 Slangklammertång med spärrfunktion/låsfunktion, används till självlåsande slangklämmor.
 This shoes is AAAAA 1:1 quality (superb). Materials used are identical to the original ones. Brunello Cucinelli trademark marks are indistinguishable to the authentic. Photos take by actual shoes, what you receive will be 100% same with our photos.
* * *
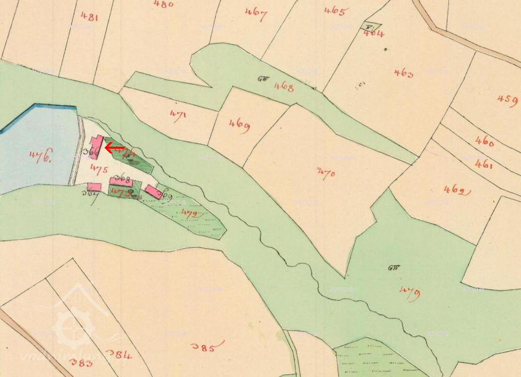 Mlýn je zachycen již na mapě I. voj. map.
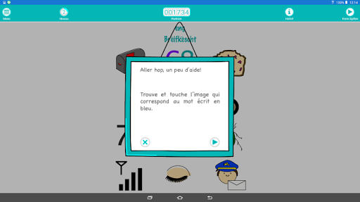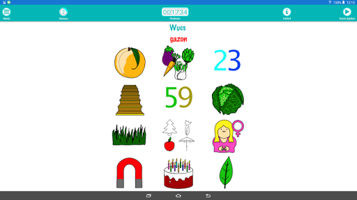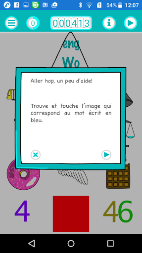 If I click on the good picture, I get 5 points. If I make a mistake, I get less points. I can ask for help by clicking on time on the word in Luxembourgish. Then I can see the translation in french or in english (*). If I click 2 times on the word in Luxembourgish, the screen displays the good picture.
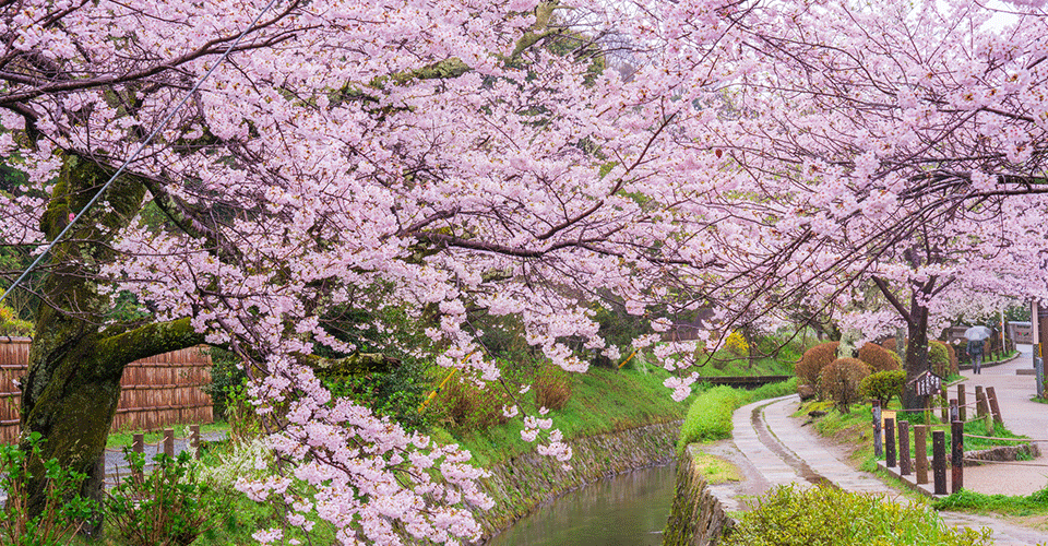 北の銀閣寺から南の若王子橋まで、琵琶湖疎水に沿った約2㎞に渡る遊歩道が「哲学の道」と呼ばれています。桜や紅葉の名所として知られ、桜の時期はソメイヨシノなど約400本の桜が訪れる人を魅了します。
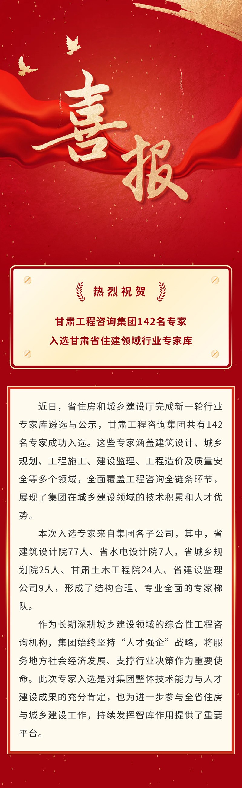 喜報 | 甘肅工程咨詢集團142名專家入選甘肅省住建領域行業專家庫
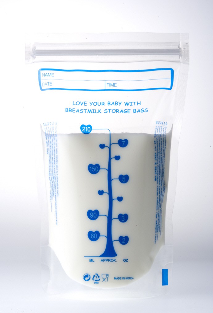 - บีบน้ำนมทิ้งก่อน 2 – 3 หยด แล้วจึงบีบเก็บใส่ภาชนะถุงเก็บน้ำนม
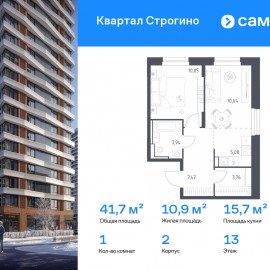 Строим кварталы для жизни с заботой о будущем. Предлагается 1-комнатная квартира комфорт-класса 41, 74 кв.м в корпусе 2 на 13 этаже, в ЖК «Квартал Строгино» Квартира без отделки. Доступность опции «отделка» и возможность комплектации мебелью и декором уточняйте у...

*WHAT YOU HAVE TO DO:* Skip every picture, and restate word for word only the lines above from the line containing "- บีบน้ำนมทิ้งก่อน 2" to the line containing "Строим кварталы для", both of them included.

*OUTPUT FOR THIS TASK:*
 - บีบน้ำนมทิ้งก่อน 2 – 3 หยด แล้วจึงบีบเก็บใส่ภาชนะถุงเก็บน้ำนม
 Строим кварталы для жизни с заботой о будущем. Предлагается 1-комнатная квартира комфорт-класса 41, 74 кв.м в корпусе 2 на 13 этаже, в ЖК «Квартал Строгино» Квартира без отделки. Доступность опции «отделка» и возможность комплектации мебелью и декором уточняйте у...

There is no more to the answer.